WORK TASK: Please write out exactly the lines from the opening of the listing through the line that holds "A whimsical anthropomorphic", including both, and nothing else; no pictures.

Top of SUPPLIED RECORDS

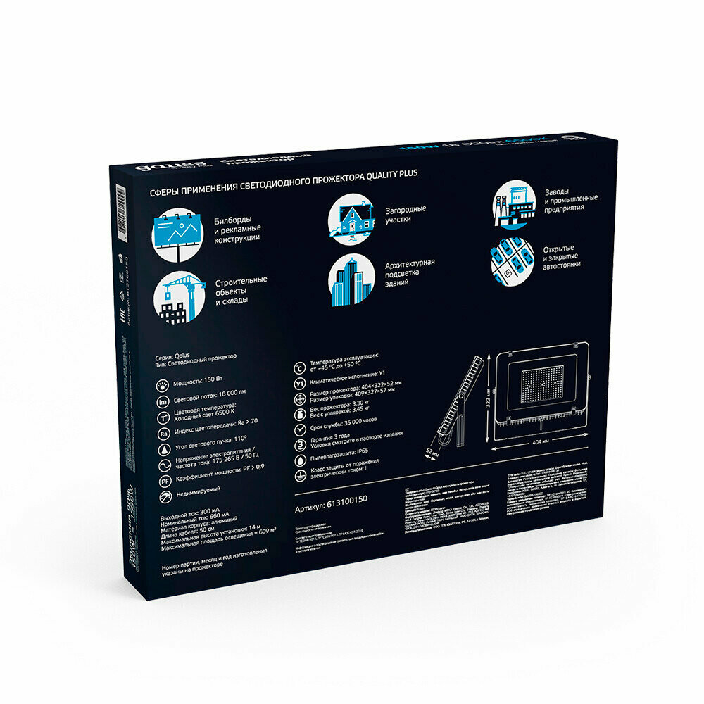 Прожектор уличный светодиодный Gauss Qplus 150W IP65 холодный белый свет, цвет черный
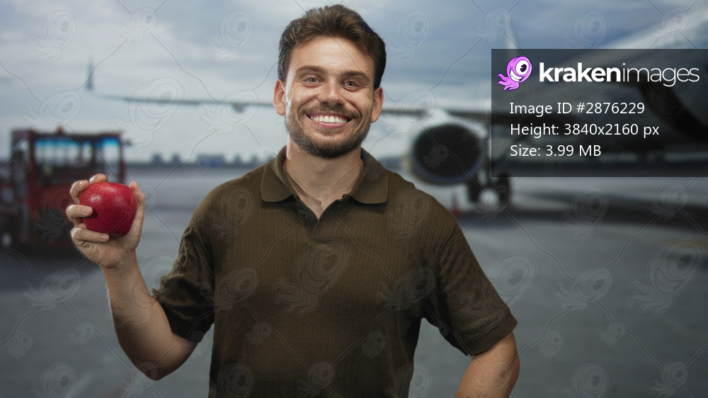 Man holding red apple at airport tarmac near jet engine and luggage tractor; contentment healthy travel snack.
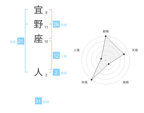宜野座 人さんの外格は21画の5点!
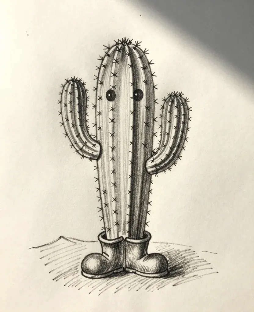 A whimsical anthropomorphic cactus with a face and boots, rendered in black and white with soft, diffused lighting and minimal background, creating a clean and focused composition.
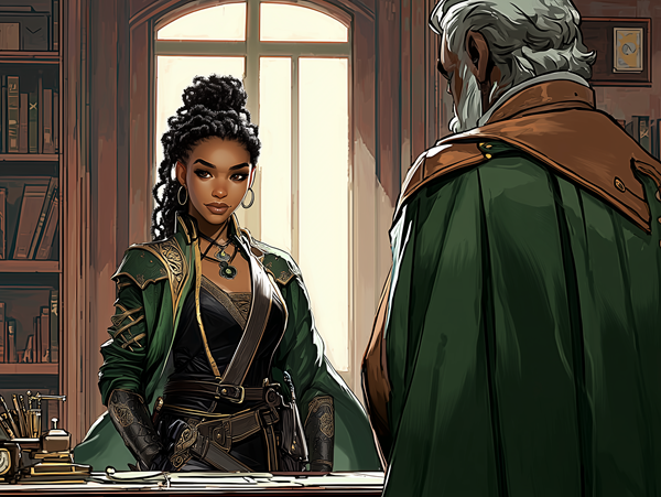 The party then travelled to the opulent Viridian Palace, Nyx having been summoned by her father. While the party was entertained by "Uncle Florian", Nyx was being questioned about why she had not attended lessons with The Master of Whispers as she was instructed. The true Master of Whispers attended the meeting and was not, in fact, the tutor Nyx had been studying with. Confusion led to frustration on the part of all parties, and Nyx was dismissed. Meanwhile Florian seemed interested in the party's adventuring life, having always wanted to be an adventurer. He narrowly missed an opportunity to join the party on their voyage before the party left the palace.
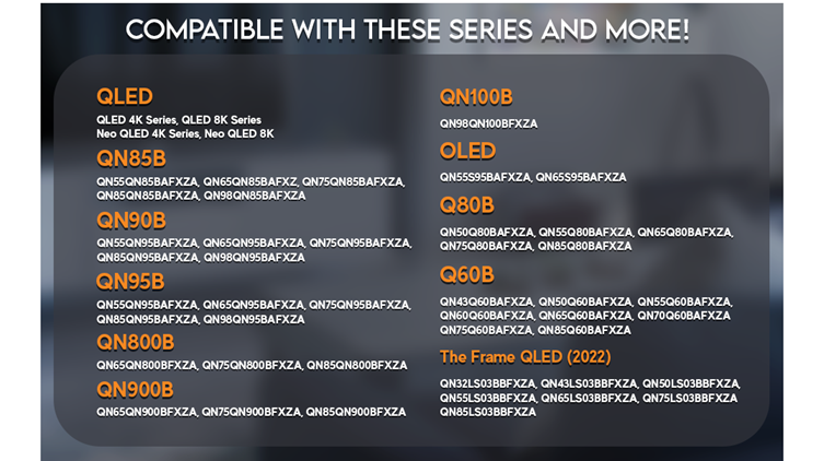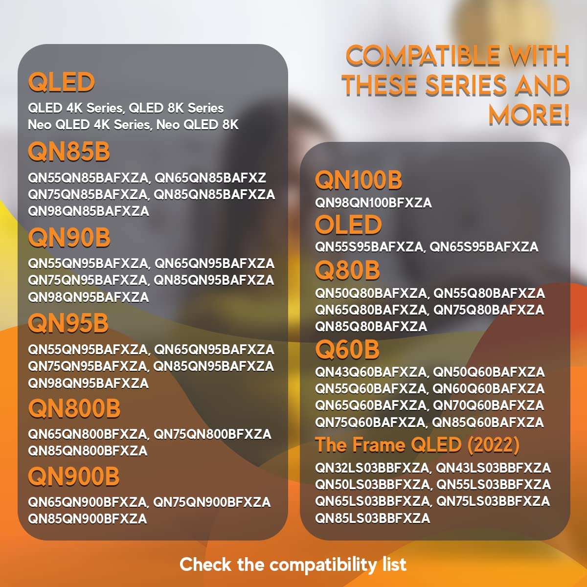 - Compatible with QN55QN85B, QN65QN85B, QN75QN85B, QN85QN85B, QN98QN85B, QN43QN90B, QN50QN90B, QN55QN90B, QN65QN90B, QN75QN90B, QN85QN90B, QN98QN90B, QN55QN95B, QN65QN95B, QN75QN95B, QN85QN95B, QN98QN95B, QN65QN800B, QN75QN800B, QN85QN800B, QN65QN900B, QN75QN900B, QN85QN900B, QN98QN100B
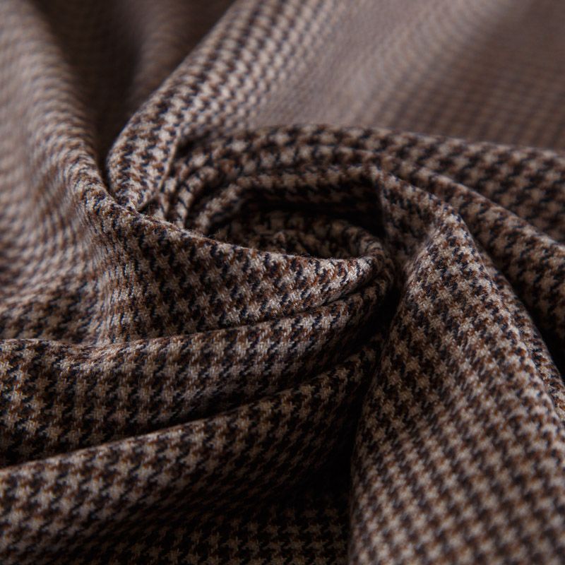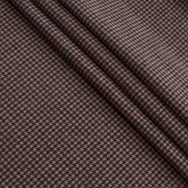 Итальянская костюмно-плательная шерсть средней плотности в бежевом оттенке в мелкую куриную лапку. Ткань не сухая, пластичная, приятная на ощупь, почти не мнется, хорошо драпируется. Ткань отлично подойдет на костюм, жилет, жакет, легкое пальто, юбку, брюки, платье, сарафан, шорты.
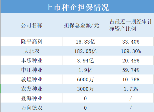 除了隆平高科外,大北农、丰乐种业、中江种业等不少种企,也为其子公司提供了不同程度的担保。
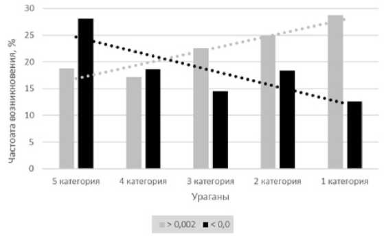 Рис. 11. Формирование ураганов при длинных (LOD > 0,002 c) и коротких (LOD < 0,0 c) сутках. Показаны линейные тренды
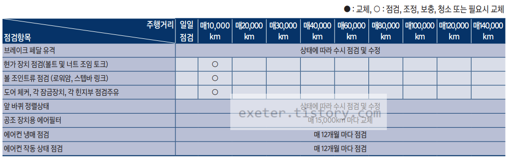 - 에어클리너 필터 점검/교환: 매 1만 km 점검, 4만 km 교환

Bottom of SUPPLIED RECORDS

TASK OUTPUT:
 Прожектор уличный светодиодный Gauss Qplus 150W IP65 холодный белый свет, цвет черный
 Man holding red apple at airport tarmac near jet engine and luggage tractor; contentment healthy travel snack.
宜野座 人さんの外格は21画の5点!
 A whimsical anthropomorphic cactus with a face and boots, rendered in black and white with soft, diffused lighting and minimal background, creating a clean and focused composition.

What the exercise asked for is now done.